_WHAT IS NEEDED_
Ignore the pictures in the data below and set down exactly the lines from its first line through the line containing "Podstawa okrągła 540".
─── MATERIAL PROVIDED
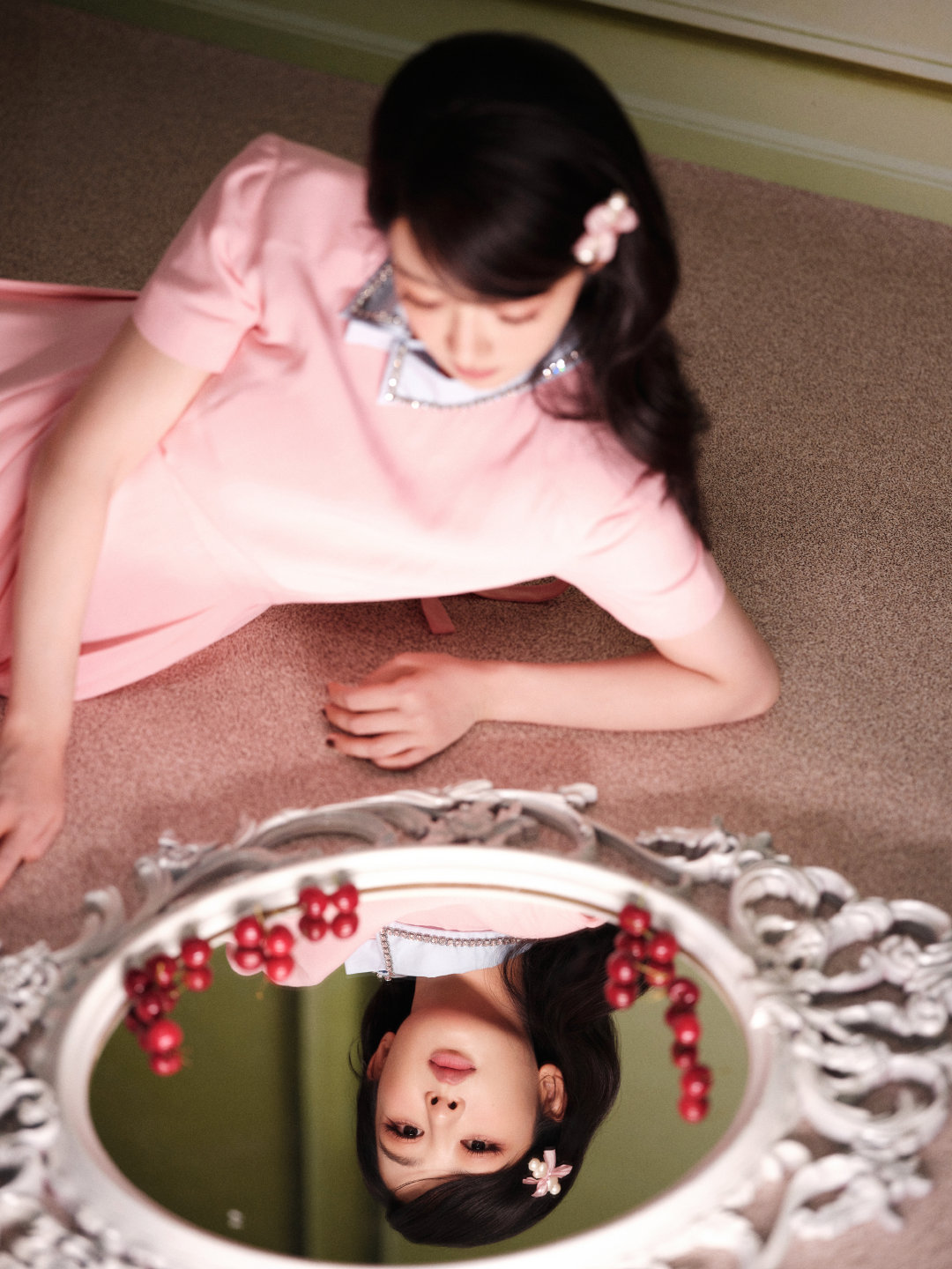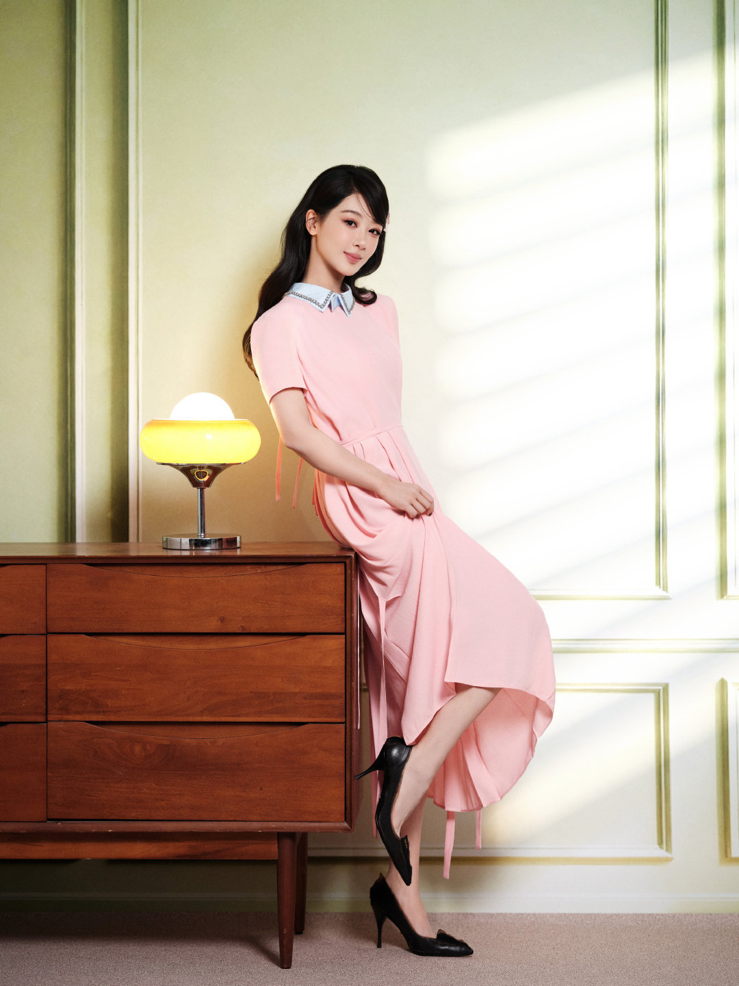 杨紫×PRADABeauty今日品牌美妆直播造型大片📸温柔粉色连衣裙,
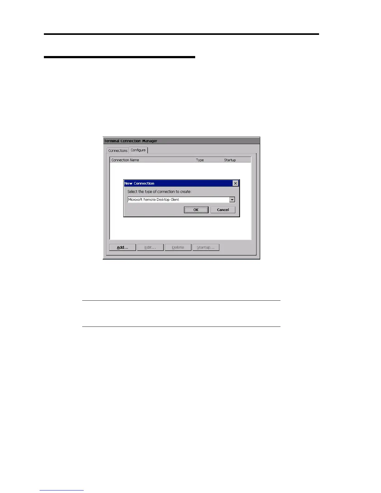 1. Click the [Configure] tab on the Terminal Connection Manager.
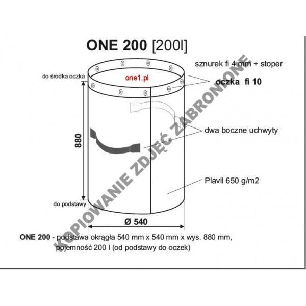 Podstawa okrągła 540 mm x 540 mm x wys. 880 mm, pojemność 200 l (od podstawy do oczek).
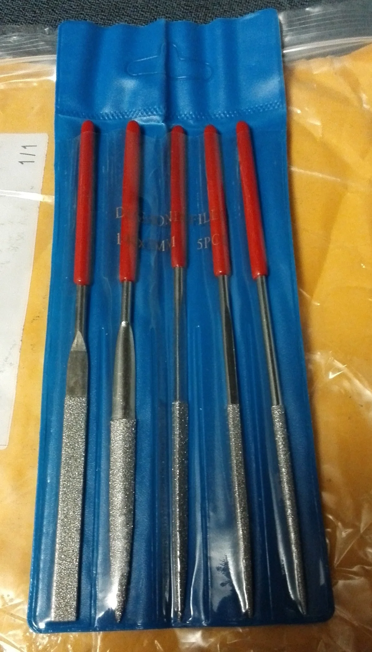 Заказ оформил 24.07.2021, доставили почтой в Самарскую область 14.08.2021 в объединенной посылке. Упаковка - пакет и мягкий полимерный футляр с ячейками. Доставка отслеживалась. Товар описанию соответствует, хорошего качества. Работать удобно, надфили к износу устойчивы. На мой взгляд, этого набора из 5 штук разной формы (сечения) вполне достаточно для нечастого домашнего использования. Пробовал по инструментальной стали - почти не осыпаются. Купил за 253,33 ₽. Покупкой доволен, товар и продавца рекомендую.
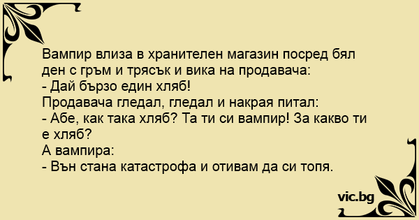 Вaмпир влиза в хранителен магазин посред бял ден с гръм и трясък и вика на продавача:
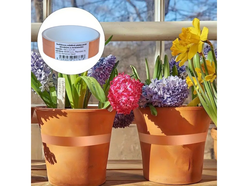 Poznámka - Měď na pásce se může časem zabarvit, ale to neovlivní její účinnost. Pokud použijete pásku na květináče, je důležité, aby se listy nebo stonky chráněné rostliny nedotýkaly země a slimák nemohl vylézt po nich. Stejně tak by rostlina neměla být blízko zdi nebo jiného místa přístupného slimákům.
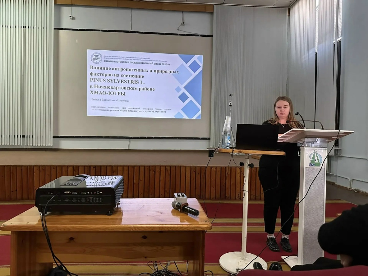 Владислава Егорова, специалист отдела документационного сопровождения образовательных программ рассказала представителям научного сообщества России о влиянии антропогенных и природных факторов на состояние Pinus Sylvestris L. в Нижневартовском районе Югры. Андрей Томилов, аспирант факультета экологии и инжиниринга презентовал биоаккумуляцию тяжелых металов и жизненное состояние тополя дрожащего. Любовь Кулагина, ассистент кафедры экологии отметила трансформацию устойчивости видов рода Populus L. в условиях смены типа техногенного загрязнения. Команда молодых ученых вуза представили результаты исследований лесных экосистем Западной Сибири и сопредельных территорий в Институте леса имени В.Н. Сукачева Сибирского отделения Российской академии наук. Работы выполнены в рамках проекта, поддержанного Фондом научно-технологического развития Югры.
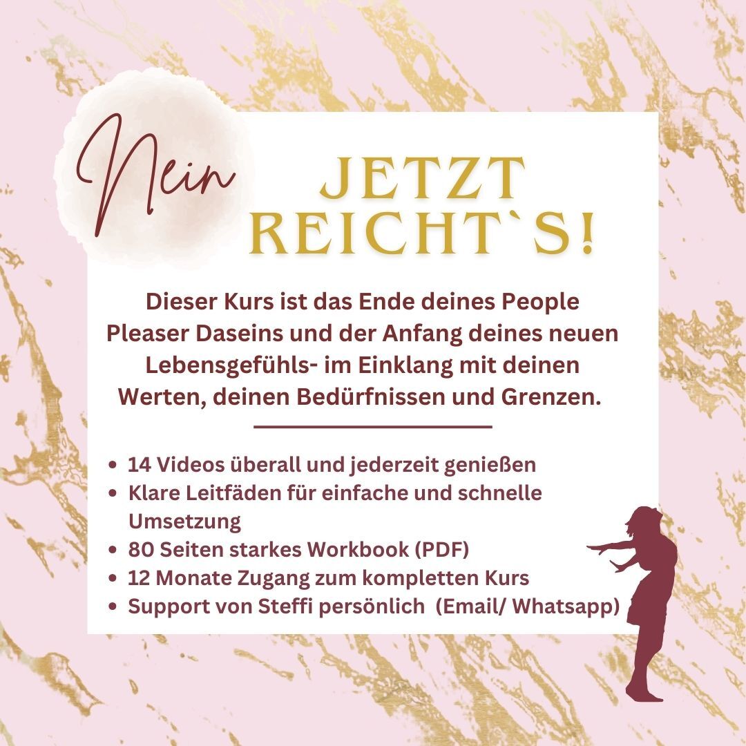 Herzlich willkommen am Ende deines People Pleaser Daseins und am Anfang deines neuen Lebensgefühls, denn wenn du diesen Kurs in dein Leben holst, dann wirst du endlich deiner Seele deinen Gefühlen und deinen Grenzen anfangen Aufmerksamkeit und Vertrauen zu schenken statt wie eine Marionette völlig automatisch immer das tun, was andere von dir erwarten.
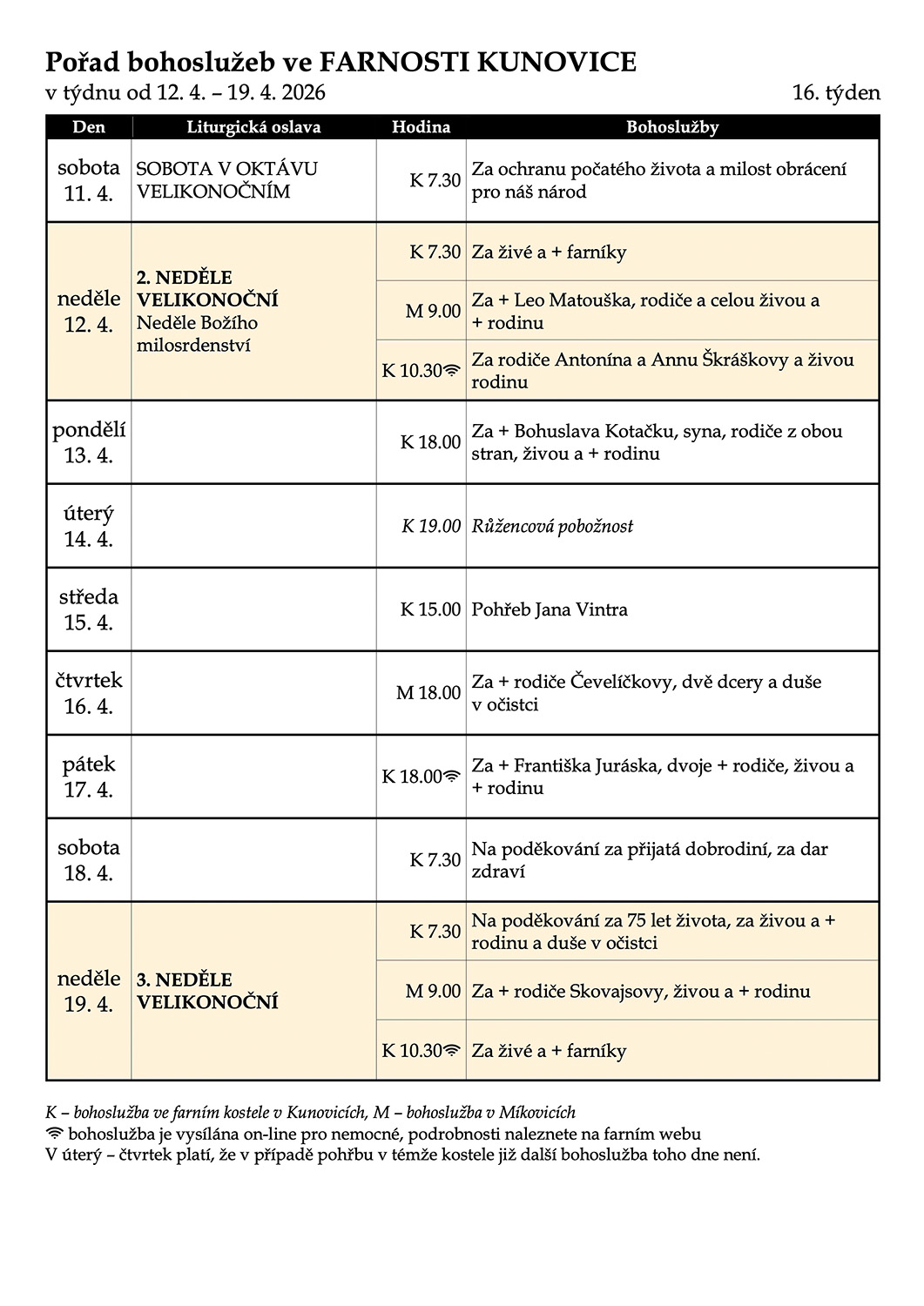 - V pondělí 13. dubna 2026 v 19.00 hodin na farním domečku se koná přípravné setkání pro prvokomunikanty a rodiče.
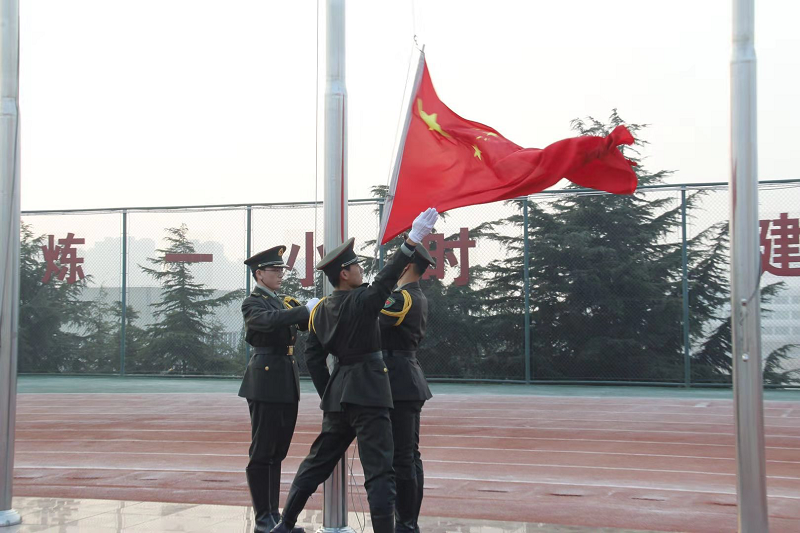 国旗护卫队参与升旗。鲜艳的红旗在冬日的清晨中冉冉升起,象征着中国新时代新青年以及背后的祖国,如日方生。在场的每一个人向国旗行注目礼,深怀着对祖国无限的热爱和崇高的敬意。随后探花直播
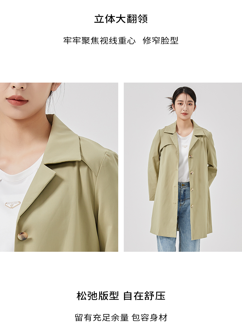 oldcolour2023春季新款卡其色时尚气质宽松风衣外套女O12047247
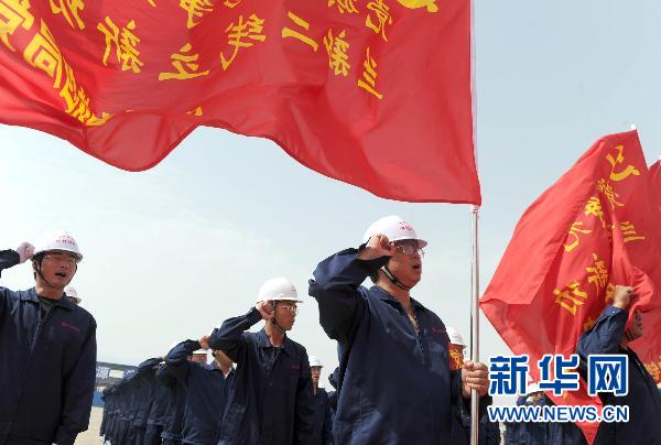 6月26日,參加創(chuàng)先爭優(yōu)的中國中鐵四局黨員代表進(jìn)行創(chuàng)先爭優(yōu)宣誓。新華社記者王雷攝
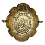COUPE ovale polylobée en argent à décor au repoussé, agrémentée de deux anses, le col gravé Travail hollandais de la fin du XVIIème 15.5 x 16 cm Poids: 171 gr
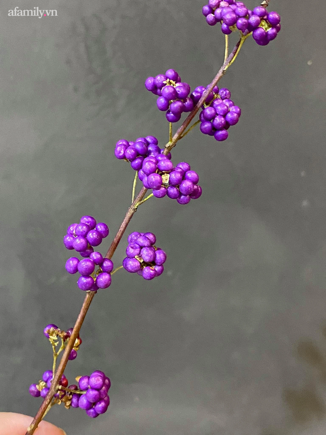 Những đốm nhỏ tím lịm duyên dáng sẽ đốn tim những người yêu màu tím. Quả này ăn được hoặc có thể làm thuốc nhưng theo định lượng rất rõ ràng. Mình thì chỉ cắm chơi thôi ạ".
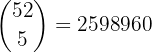 First, the total number of distinct 5-card hands, when grouping 52 cards in 5, is
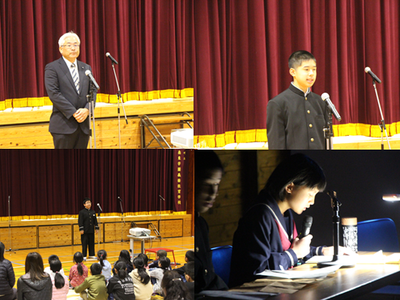 高森中学校の体育館で、高森中学校の1~3年生、高森中央小学校の6年生、そして高森東学園の6~9年生が集まり、人権同和教育講演会を行いました。
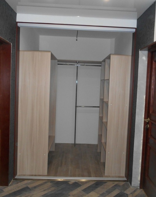 Компактная гардеробная отлично подойдет для небольших ниш закрытого типа . Мебель изготовлена из качественного и экологически чистого ЛДСП. В состав набора входят несколько хромированных перекладин для вешалок и просторные полки. Каждая гардеробная комната рассчитывается индивидуально по размерам помещения и пожеланиям заказчика.
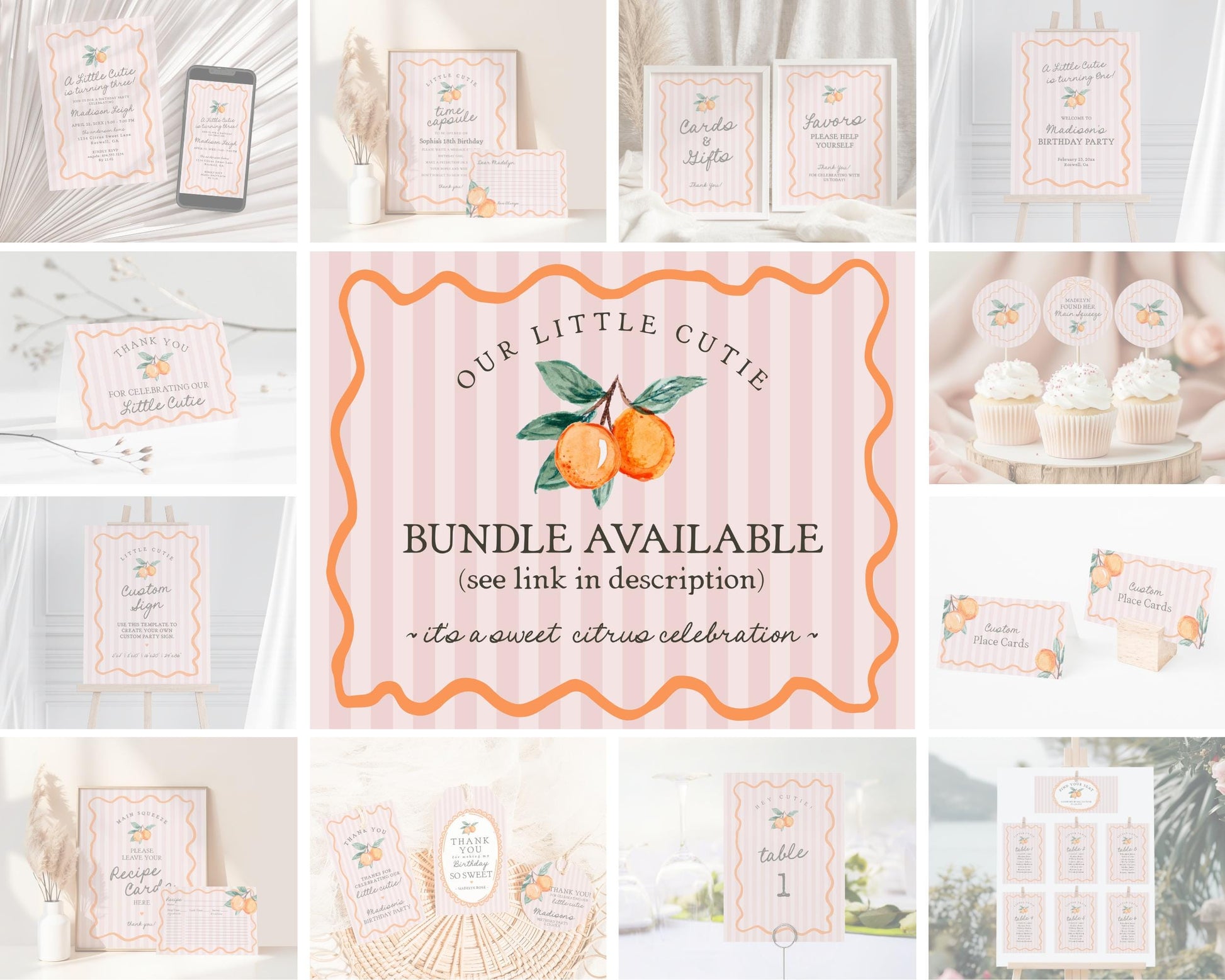 Pink Little Cutie Birthday Bundle Printable Template, Pastel Citrus Bday Party Decor for Summer Birthday, Retro Little Cutie Clementine
──────
_ANSWER TO THIS PROBLEM_
 杨紫×PRADABeauty今日品牌美妆直播造型大片📸温柔粉色连衣裙,
 1. Click the [Configure] tab on the Terminal Connection Manager.
 Podstawa okrągła 540 mm x 540 mm x wys. 880 mm, pojemność 200 l (od podstawy do oczek).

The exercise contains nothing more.